### How to complete this task
Drop every picture and give the entries back exactly.

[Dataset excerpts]
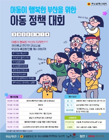 아동정책대회는 교육·안전·문화·복지분야를 비롯해서 생존권·보호권·발달권·참여권 등 다양한 분야에서 아이들이 관심있는 영역을 직접 선택하게 하고 ‘부산역’ 연구단체 시의원들과 소통 간담회를 통해 주제별 질의응답으로 시작한다. 이어 그룹별로 시의원과 아이들이 한팀이 되어 함께 정책을 만들고 제안할 예정이다. 정책대회를 통해 만들어진 분야별 제안사항은 결의문을 통해 부산시와 시의회에 전달된다.
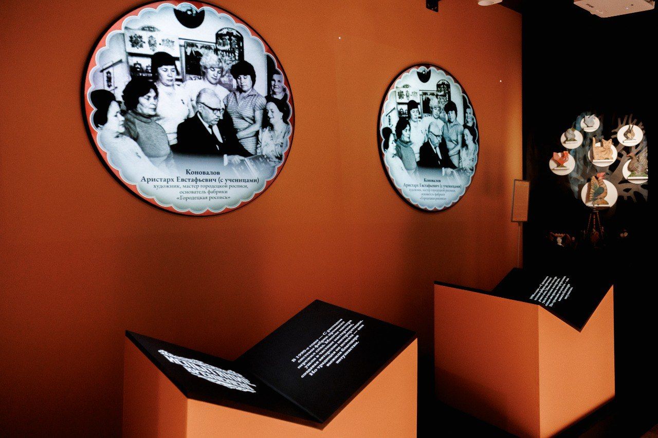 Также в обновленном пространстве появились новые инсталляции, посвященные городецкой росписи, топорной и глиняной игрушке, игрушке из лыка, были установлены мультимедийные комплексы, рассказывающие об истории промысла.
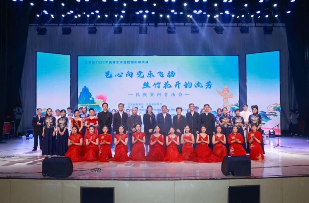 11月9日下午,2022年度高雅艺术进校园活动“艺心向党乐飞扬,丝竹花开韵流芳”民族室内音乐会在威尼斯官网大学生活动中心礼堂举行。扬州大学音乐学院院长邵萍,扬州大学公共艺术教育中心主任、音乐学院副院长姚霆,学院院长王国平,党委书记朱清,副院长刘允,党委副书记兼副院长王楷,团委等相关部门负责人以及千余名学生观众参加本场活动。
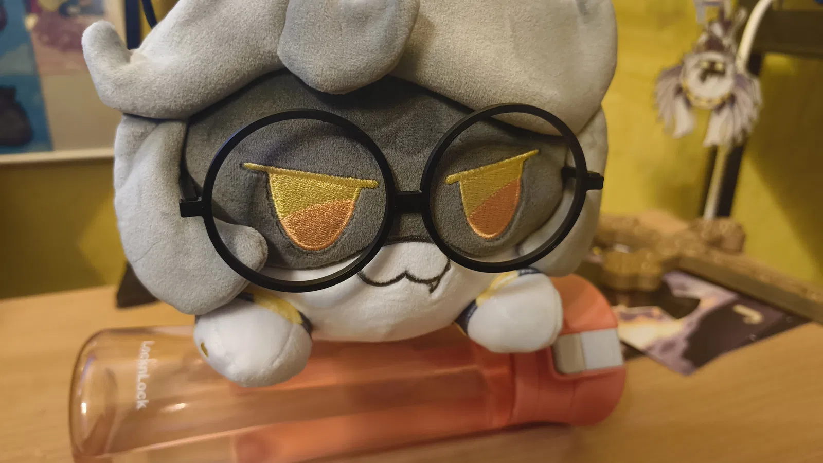 Mình thấy một bên kính nhỏ hơn bên kia khoảng 1-2mm. Không hiểu sao lúc trước mình không để ý, nhưng giờ mình đã sửa lại rồi, đồng thời thu nhỏ dung sai giữa kính và phần gọng xuống còn 0.1mm. Mình cũng làm cho chúng lớn hơn một chút để giảm ma sát, tránh làm phần gọng bị lỏng lẻo sau nhiều lần tháo lắp. Kích thước này cũng giúp kính vừa vặn với nhiều loại thú bông/fumo khác hơn (cả em Vat Vuck cũng đeo được luôn nè).
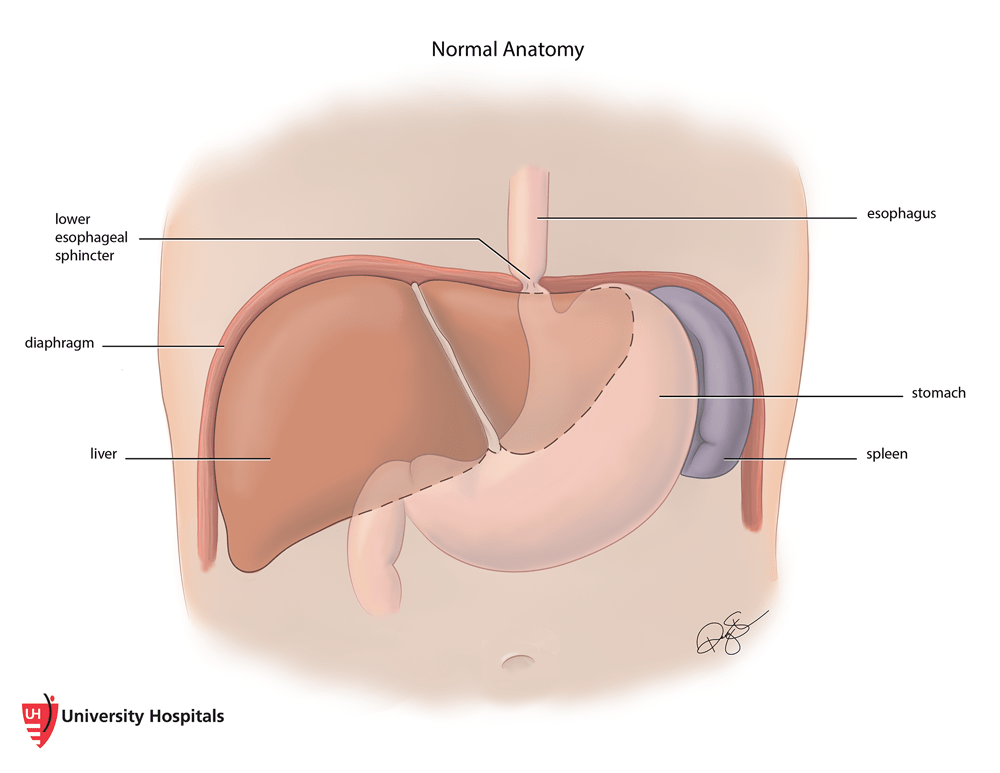 Find a DoctorThe digestive process begins when the food we eat and swallow enters the esophagus. As the food moves down the esophagus, muscles at the top open and close automatically to keep food from going down the nearby windpipe and into the lungs. These muscles are called the upper esophageal sphincter or UES. Muscles at the bottom of the esophagus – the lower esophageal sphincter or LES – open automatically to allow food to enter the stomach and then close to keep it there. Once the food is in the stomach, enzymes and acids are released to break it down so the body can use the nutrients.
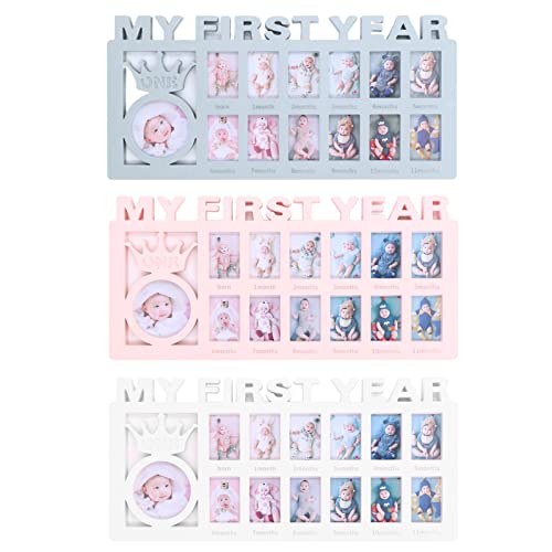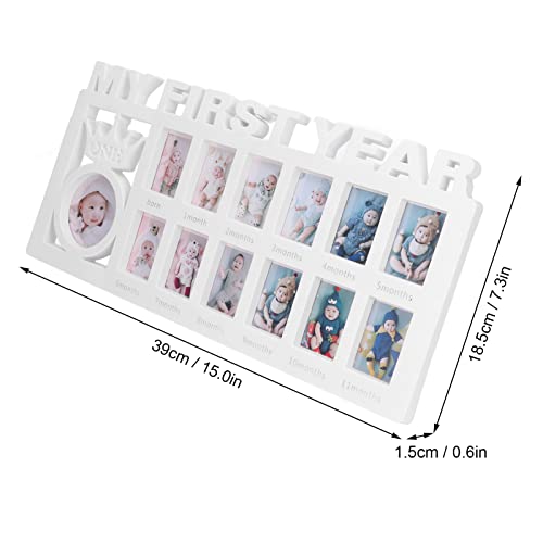 Jadeshay Cornice per Foto per Neonati Cornice per Foto per Bambini squisita con 12 cornici per Foto Piccole Che registrano la Crescita mensile del Bambino per Regalo(Bianco)

### Your solution
 아동정책대회는 교육·안전·문화·복지분야를 비롯해서 생존권·보호권·발달권·참여권 등 다양한 분야에서 아이들이 관심있는 영역을 직접 선택하게 하고 ‘부산역’ 연구단체 시의원들과 소통 간담회를 통해 주제별 질의응답으로 시작한다. 이어 그룹별로 시의원과 아이들이 한팀이 되어 함께 정책을 만들고 제안할 예정이다. 정책대회를 통해 만들어진 분야별 제안사항은 결의문을 통해 부산시와 시의회에 전달된다.
 Также в обновленном пространстве появились новые инсталляции, посвященные городецкой росписи, топорной и глиняной игрушке, игрушке из лыка, были установлены мультимедийные комплексы, рассказывающие об истории промысла.
 11月9日下午,2022年度高雅艺术进校园活动“艺心向党乐飞扬,丝竹花开韵流芳”民族室内音乐会在威尼斯官网大学生活动中心礼堂举行。扬州大学音乐学院院长邵萍,扬州大学公共艺术教育中心主任、音乐学院副院长姚霆,学院院长王国平,党委书记朱清,副院长刘允,党委副书记兼副院长王楷,团委等相关部门负责人以及千余名学生观众参加本场活动。
 Mình thấy một bên kính nhỏ hơn bên kia khoảng 1-2mm. Không hiểu sao lúc trước mình không để ý, nhưng giờ mình đã sửa lại rồi, đồng thời thu nhỏ dung sai giữa kính và phần gọng xuống còn 0.1mm. Mình cũng làm cho chúng lớn hơn một chút để giảm ma sát, tránh làm phần gọng bị lỏng lẻo sau nhiều lần tháo lắp. Kích thước này cũng giúp kính vừa vặn với nhiều loại thú bông/fumo khác hơn (cả em Vat Vuck cũng đeo được luôn nè).
 Find a DoctorThe digestive process begins when the food we eat and swallow enters the esophagus. As the food moves down the esophagus, muscles at the top open and close automatically to keep food from going down the nearby windpipe and into the lungs. These muscles are called the upper esophageal sphincter or UES. Muscles at the bottom of the esophagus – the lower esophageal sphincter or LES – open automatically to allow food to enter the stomach and then close to keep it there. Once the food is in the stomach, enzymes and acids are released to break it down so the body can use the nutrients.
 Jadeshay Cornice per Foto per Neonati Cornice per Foto per Bambini squisita con 12 cornici per Foto Piccole Che registrano la Crescita mensile del Bambino per Regalo(Bianco)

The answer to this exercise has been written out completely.